One such welcome exception, is that offshore trusts that form a business relationship with a UK adviser will be exempt provided they have no UK trustees. This is quite rare and is not expected to adversely impact the UK trust industry to the extent originally feared.
There is quite a long lead-in time for new registrations, i.e. until 10 March 2022. Thereafter, much shorter 30-day deadlines apply to both registration and updating the register. Trustees should be alert to this when the time comes.
The key changes and details of new public access arrangements are summarised below.
New trusts in scope
Until now, the UK Trust Register has been limited to trusts that pay UK tax. Subject to certain exceptions, all UK express trusts will now be required to register, even if they have no UK tax liabilities. Non-UK trusts which do not pay UK tax must also register if they:
- acquire an interest in UK land, or
- have at least one UK resident trustee and form a new business relationship with a UK business required to conduct anti-money laundering compliance.
There is an exception for some trusts required to register in another European Economic Area (EEA) state, plus a long list of trusts that are specifically excluded.
These include: legislative trusts (such as intestacy trusts and certain trusts for children arising after death); trusts imposed by Court Order (e.g. on a divorce); trusts holding sums/assets of a registered pension scheme; trusts holding life policies and, for two years after death, the proceeds of life policies; UK charitable trusts; ‘pilot’ trusts (created before 6 October 2020 and holding £100 or less); trusts effected by Will (for no more than two years after date of death); co-ownership trusts (such as jointly held land, provided the trustees and beneficiaries are the same persons); maintenance funds for historic buildings; disabled beneficiary trusts and several trusts which arise in commercial contexts such as nomineeships for investment management, trusts holding client money etc.

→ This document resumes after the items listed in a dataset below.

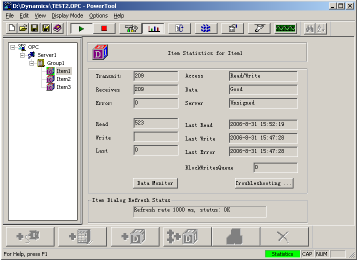 按照上面建立好tag点后进行Client测试,将建立的数据拖到“测试客户机”栏中;启动测试客户机,测试所建项目,如果“质量”为“好”,表示通讯数据正确;
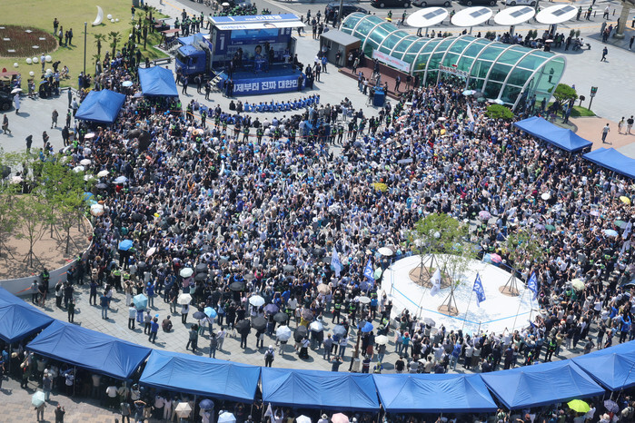 Lee Jae-myung in DaeguLee Jae-myung of the liberal Democratic Party speaks during his campaign trail stop in Daegu on June 1, 2025. (Yonhap)(END)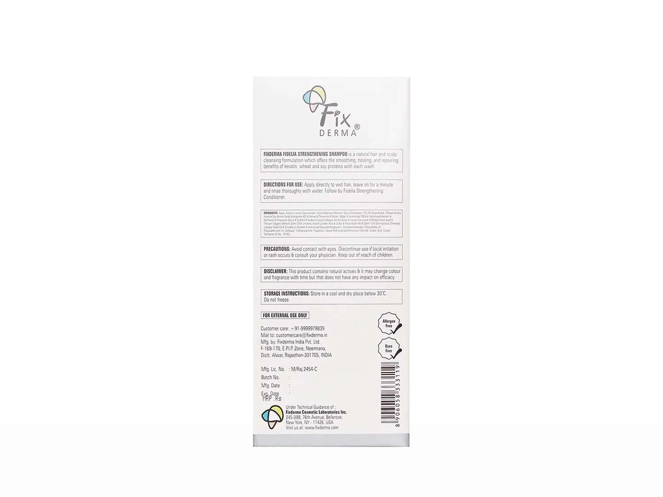 Fixderma Fidelia Strengthening Shampoo is a gentle, pH 5.5-balanced formula designed for dry, sensitive, and itchy scalps. Infused with hydrolyzed keratin, wheat protein, soy protein, and shea butter, it deeply nourishes and strengthens weak, damaged hair. This sulphate- and phthalate-free shampoo cleanses without stripping natural oils, restoring moisture and enhancing hair resilience. Ideal for daily use, it soothes irritation, repairs protein loss, and revitalizes brittle strands. Dermatologist-tested, it offers a safe and effective solution for restoring smoothness, volume, and keratin balance to stressed hair and scalp.

Unfortunately, bare trusts are not excluded. This means bare trusts for minor children and trusts for co-owners of land where title is not held by all of the beneficial owners must register. Furthermore, once an excluded trust becomes taxable, it will then need to register.
This new registration requirement only applies to offshore trusts with at least one UK trustee. Non-UK trusts rarely have UK trustees but if they do, this will only catch new relationships with UK regulated businesses formed on or after 6 October 2020 that are expected to last for at least 12 months or more.
Acquisitions of UK land
All offshore trusts that acquire UK land (where the trustees become the registered owners of a freehold or leasehold interest of more than seven years) will need to register by 10 March 2022, even if there are no UK trustees and no UK tax liabilities. Trustees purchasing land will usually need to pay SDLT and would need to register anyway as taxable trusts. The new rules will catch trusts acquiring land post 5 October 2020 by gift or via an exempt transfer.

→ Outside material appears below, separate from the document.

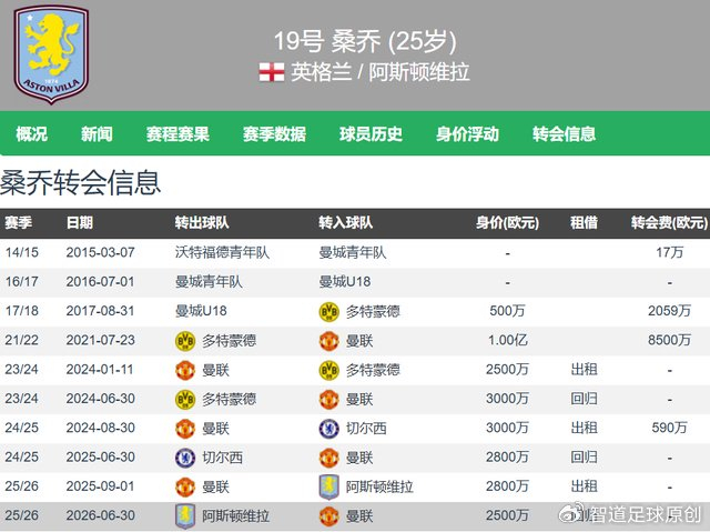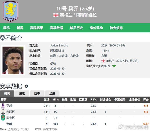 桑乔现年25岁,当打之年,身价2500万欧元,在曼联的周薪为20万英镑,现有合同至本赛季结束,桑乔为了履行完高薪合同,今年夏窗拒绝了多家更合适的俱乐部,从而租借加盟阿斯顿维拉一个赛季,至今各项赛事出场4次,英超替补1次,仅出场8分钟;欧联杯出场2次,其中1次首发,出场99分钟;联赛杯首发出场1次(74分钟);合计出场181分钟,0球0助。

However, concessions have been made for this category by limiting the information required and public access to it (discussed below). Acquisitions through an underlying non-UK company will not require the trust to register but from 2021, the holding company will be caught by a new Register of Overseas Entities, which will be publically accessible.
Taxable trusts have more extensive reporting requirements, and trusts currently registered will need to provide further information by March 2022.
Reporting for non-taxable trusts is limited to basic details of the beneficial owners including their name and nature and extent of interest or role in the trust. No information about the trust or its assets is required, except for details of “third country entities.” This only applies to trusts with more than 50% of the shares or voting rights or which exercise significant influence or control over a non-EEA company. However, there is an exception to reporting third country entity details for non-UK trusts which only need to register if they acquire UK land, provided they have no UK trustees.
The UK trust register is not fully open to public inspection but the new Regulations permit HMRC to give access upon request in two situations, subject to certain safeguards.
Firstly, beneficial ownership information will be made available to a person with a “legitimate interest” because they are investigating and suspect money laundering or terrorist financing, provided disclosure will not prejudice police investigations or criminal proceedings. Secondly, for trusts with a controlling interest in a third country entity (such as an offshore company), other than offshore trusts acquiring UK land with no UK trustees, the beneficial ownership information will be more widely available to anyone who requests to see it, not just those with a legitimate interest.
In either case, HMRC can refuse a request if the beneficial owner is under 18, lacks capacity or there is a risk of kidnapping, blackmail, violence, fraud or harassment. However, Trustees will not be notified of public requests and may be unable to demonstrate cases at risk.
These wider access arrangements do not commence until 10 March 2022 and do not appear to apply to taxable registered trusts. In practice, they should not apply to any offshore trust with no UK trustees either, where information will only be available to HMRC and law enforcement bodies.
Trustees must keep their own records of beneficial owners and supply the details on request to law enforcement authorities, banks and advisers etc. From 10 March 2022 an excerpt from the trust register must also be supplied and businesses will be required to report any discrepancies between this and other information provided, unless legal privilege applies.